MDL tumors are most common in children and are more common in boys than in girls. Only 30% of MDL tumors occur in adults. MDL tumors usually originate in the cerebellum (the part of the brain that controls coordination and some muscle activity), and are often carried to other parts of the brain by cerebrospinal fluid. MDL tumors rarely metastasize beyond the brain and spinal cord.

MENINGIOMAS. Meningiomas, which represent more than 20% of all primary brain tumors, originate in the membranes that enclose the brain and spinal cord (meninges). These tumors are usually benign and most often occur in women aged 30-50 years old. Meningiomas grow so slowly that the brain can sometimes become accustomed to their presence. Meningiomas compress, rather than invade, brain tissue and may grow to be quite large before any symptoms appear.
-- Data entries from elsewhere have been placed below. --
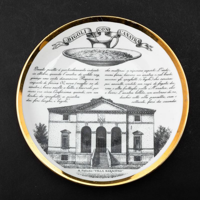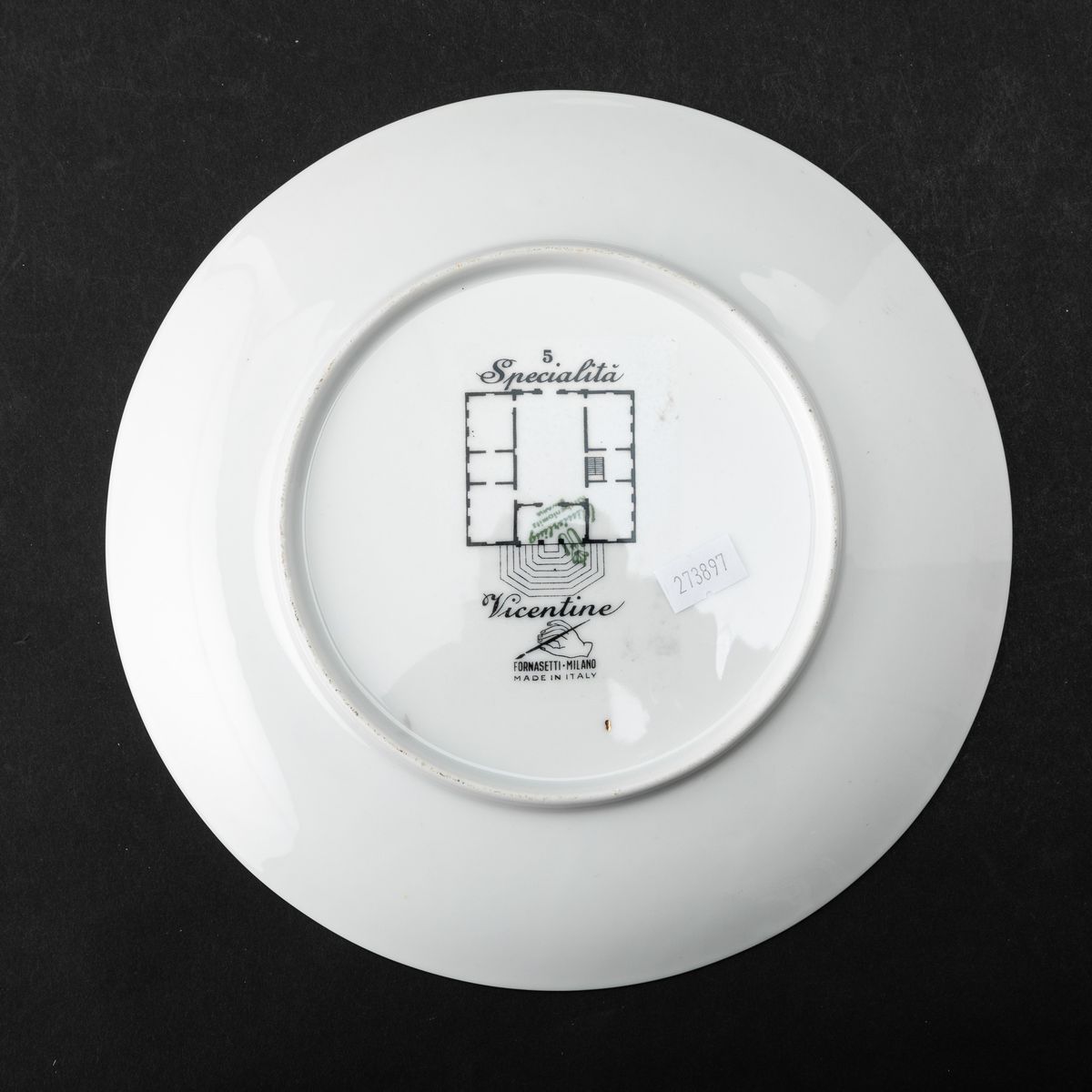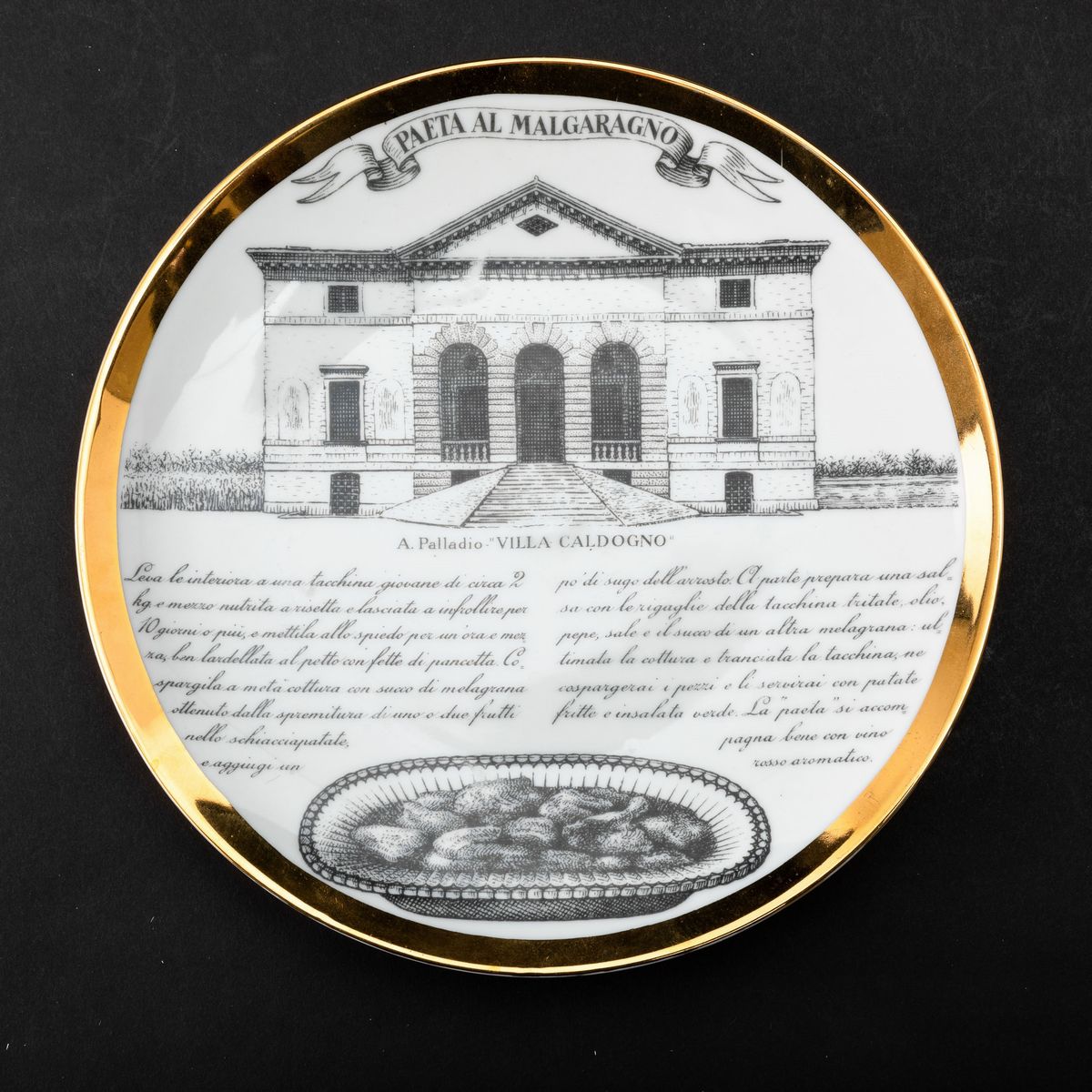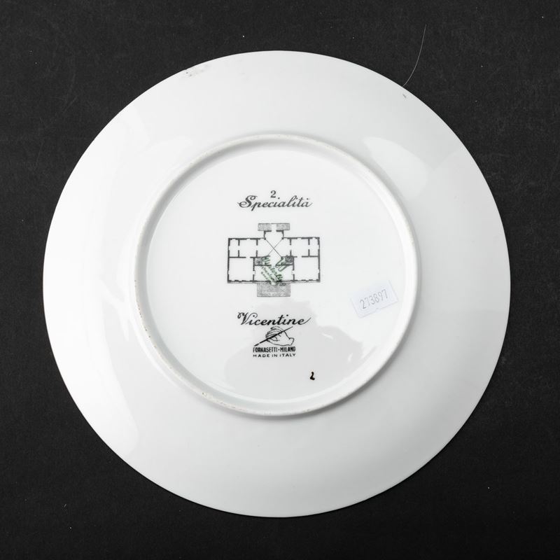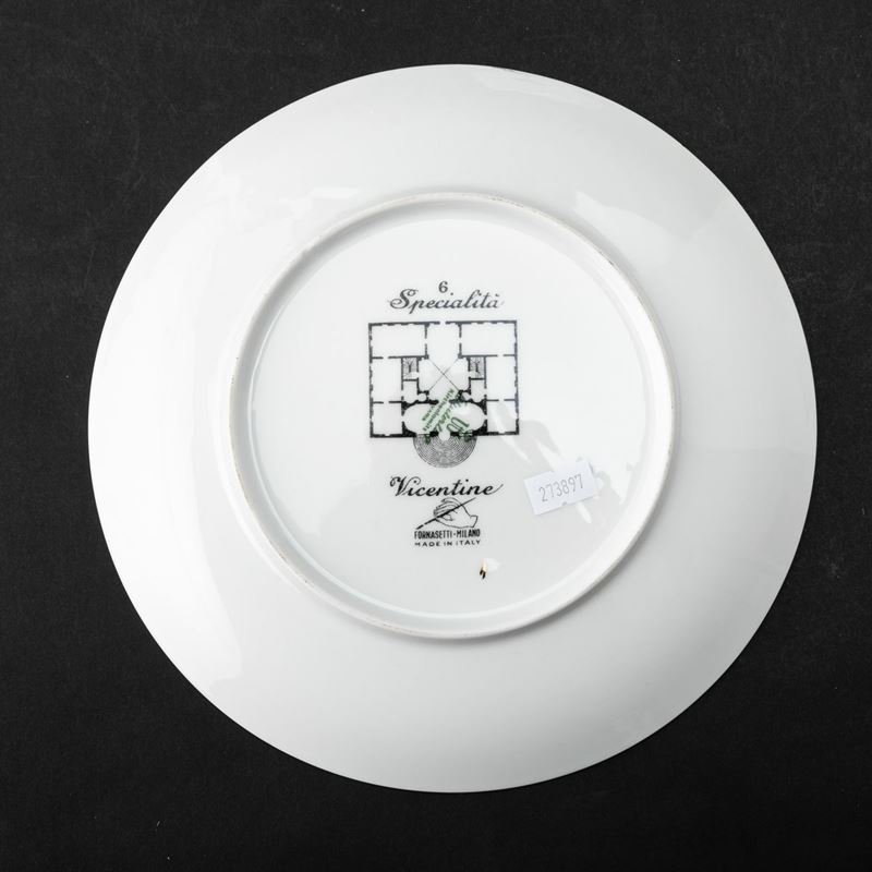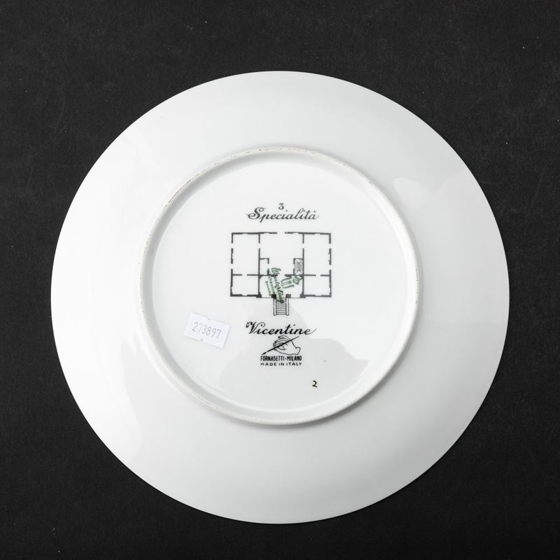 Lot of four plates Specialità Vicentine in screen printed porcelain and gilded edge.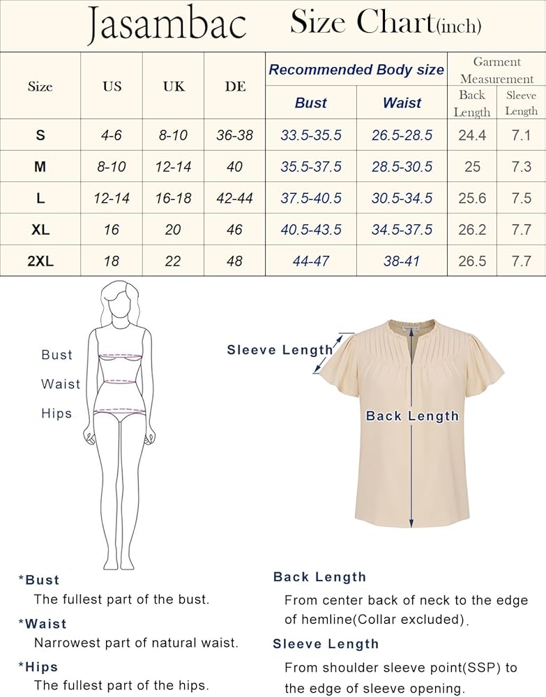 • الخامة - هل أنت قلق بشأن جودة هذه القمصان النسائية الكاجوال الأنيقة؟ بلوزات وقمصان JASAMBAC النسائية الأنيقة مصنوعة من 98% بوليستر و2% فيسكوز، وهي مادة خفيفة الوزن وناعمة وحريرية وصديقة للبشرة ومريحة. إنها بسيطة ولكنها أنيقة. نسيج صديق للبشرة يوفر الراحة والأناقة طوال اليوم. هذا القميص النسائي سيبقيك منتعشًا وأنيقًا في الصيف.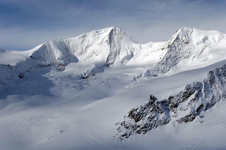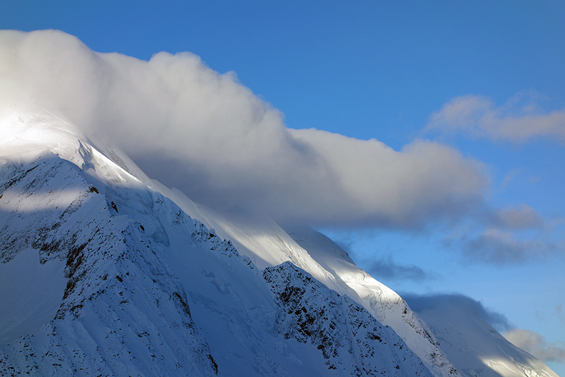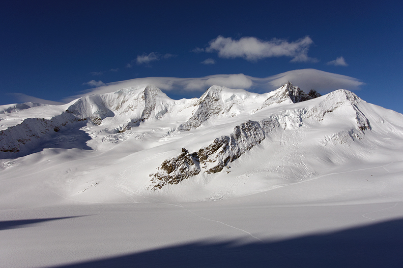 Morning sun and cloud shadow on the Aletschhorn. |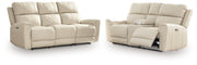 Focus on function. This practical power reclining seating package balances contemporary character and irresistible comfort. Its affordable, expertly matched leather and faux leather upholstery keeps your style up to speed without breaking the bank. Reclining at the touch of a button, this group plays well in relaxed, luxe seating areas made for quality time.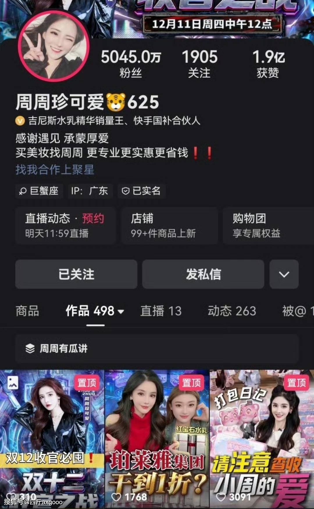“周周珍可爱625”,本名叫周珍,在短视频平台可是实打实的头部美妆主播。
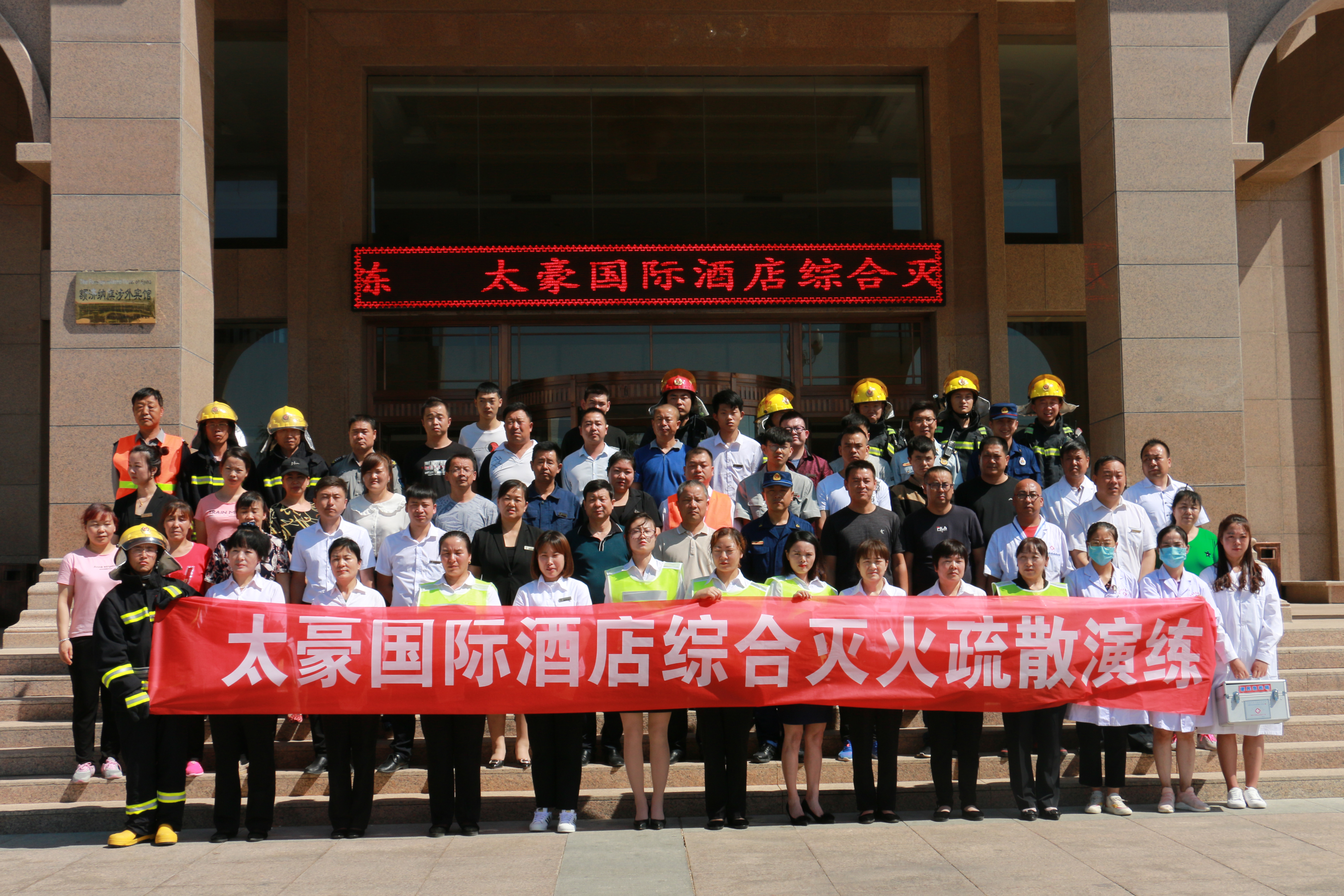 太豪国际酒店总经理胡生君对这次演练活动进行了总结,他代表太豪国际酒店向前来参加演习的各部门领导和人员表示衷心的感谢,对酒店员工在此次演习中的良好表现进行了表扬,希望他们切实提高消防安全意识,为酒店的消防安全工作尽一份力。最后,所有参演人员在酒店楼前合影留念。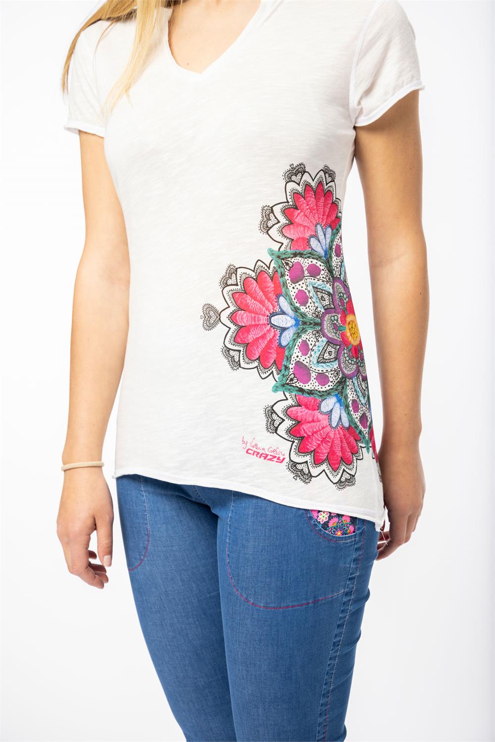The Mandala T-shirt stands out for its exclusive designs and screen-printed patterns. Stylish and vibrant, it's a perfect leisure time product made from natural hemp. The V-neck and very short sleeves with raw edges characterize it.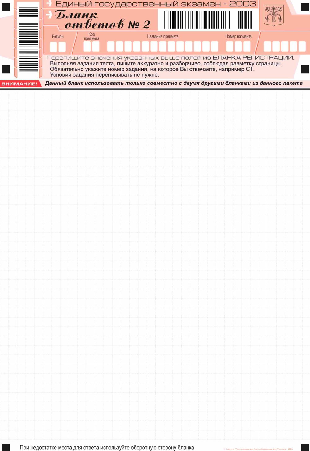 Информация для заполнения полей этой части бланка, кроме служебного поля, для которого не указано название, должна быть продублирована с информацией, внесенной в бланк регистрации и бланк ответов № 1. Ниже регистрационной части расположена область развернутых ответов на задания в свободной форме. Эта область разлинована пунктирными линиями «в клеточку» на фоне изображения сетки, принятой для ценных бумаг. В этой области выпускник записывает развернутые ответы на соответствующие задания. При недостатке места для ответов на лицевой стороне бланка ответов № 2 выпускник может продолжить записи на оборотной стороне бланка, сделав внизу лицевой стороны запись «смотри на обороте». начало раздела | начало подраздела Поделитесь этой записью или добавьте в закладки |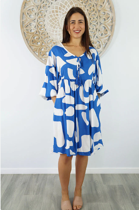 The Avocado Dress is a versatile choice for any wardrobe, providing both style and comfort. With a tie-up V-neckline and mid-length puff elastic arms, this dress also includes convenient side pockets. You will look and feel fabulous in this fabulous piece.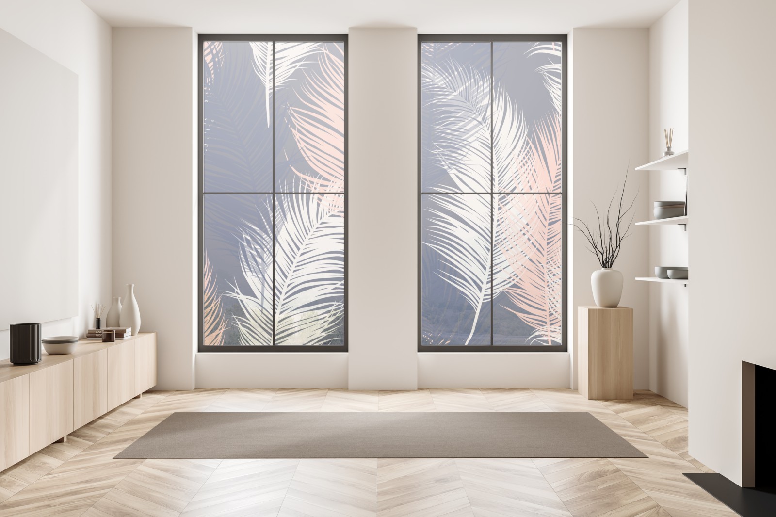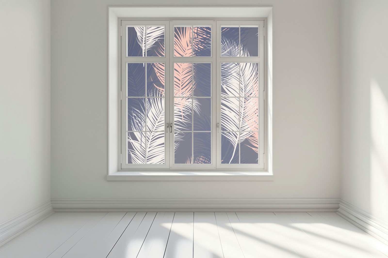 Elegantes Federmuster in Marineblau und Rosa verleiht dem Raum zarten, boho-inspirierten Charme und Ruhe.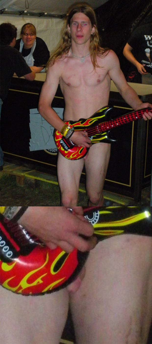 Today there’s a hot and wild updated on ERICDEMAN: these guys are performing totally naked in public. You can see that they cover their dicks with the guitars but there’s an accidental exposure of the cock.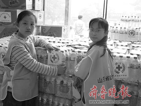 18日上午,在山東省紅十字會(huì),上百名志愿者正在緊張忙碌地搬運(yùn)著抗震救災(zāi)的物資。這其中有兩位瘦小的身軀引起了人們的注意。他們是來(lái)自南上山街小學(xué)三年級(jí)的沈晨和東方雙語(yǔ)實(shí)驗(yàn)學(xué)校四年級(jí)的車(chē)水清。聽(tīng)說(shuō)了四川的災(zāi)情后,孩子們也想奉獻(xiàn)一分愛(ài)心。 早晨8點(diǎn)她們就來(lái)到現(xiàn)場(chǎng),為災(zāi)區(qū)捐款、引導(dǎo)著愛(ài)心捐款人到捐款處、給救災(zāi)物資貼上紅十字標(biāo)簽,做著力所能及的工作。 常新喜 攝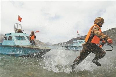 经过4个多小时的水上巡逻,官兵们抵达任务点,未有片刻休息,又开始进行抢滩登陆演练。涉水前行,跨越障碍,占领有利地形……巍巍高原,见证着新一代高原水兵的忠诚和信念。(刘晓东 摄影报道)
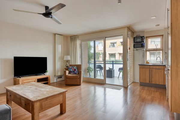 - De portiekflat heeft een woonoppervlakte van 55 m² en beschikt over 3 kamers, waarvan 2 slaapkamers;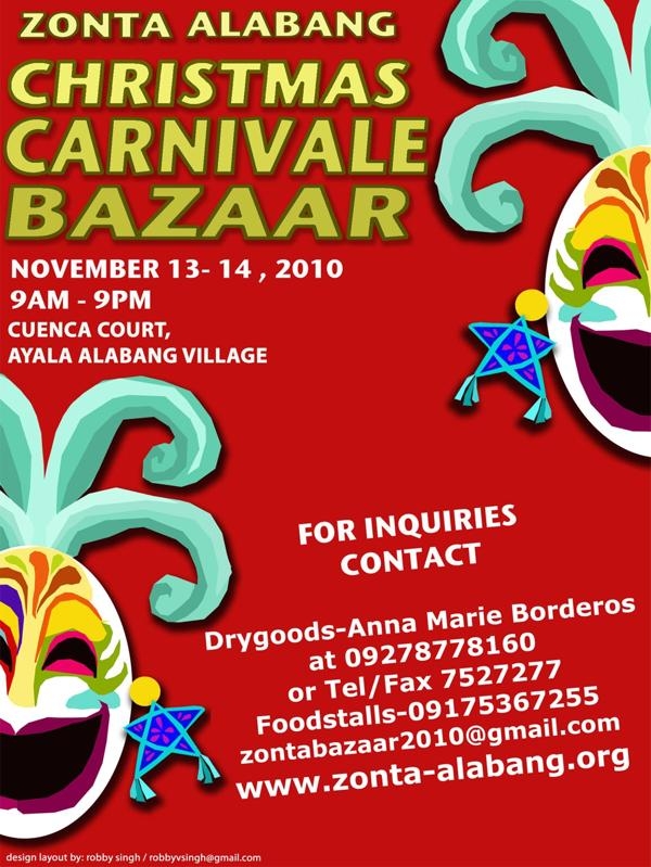 Mark the date! The Zonta Club of Alabang is once again mounting the celebrated Christmas Carnivale Bazaar for the third straight year. It will be held at the Cuenca Gym, Ayala Alabang Village, Muntinlupa City on November 13 and 14, 2010.

SCHWANNOMAS. Schwannomas originate in the Schwann cells. These cells produce myelin, material that protects the acoustic nerve, which controls hearing. These benign tumors are twice as common in women as in men, and are most often diagnosed in patients between the ages 30-60.

Schwannomas grow very slowly, and many people adapt to the slight hearing loss and balance problems that are the tumors' earliest symptoms. A pear-shaped Schwannoma can cause sudden or gradual loss of hearing in an ear. As the tumor progresses, it can press on the nerves that control movement and feeling in the face, and cause headaches and facial numbness or tingling. The patient may have trouble walking, swallowing, or controlling eye movements, and the sense of taste can be affected. A Schwannoma that grows large enough to press on the brainstem can be deadly.

CHILDHOOD BRAIN TUMORS. Brain tumors that occur in children are described as supratentorial (in the upper part of the brain) or infratentorial (in the lowest part of the brain). Astrocytomas and ependymomas are common supratentorial tumors. Infratentorial tumors include medulloblastomas, astrocytomas, and ependymomas.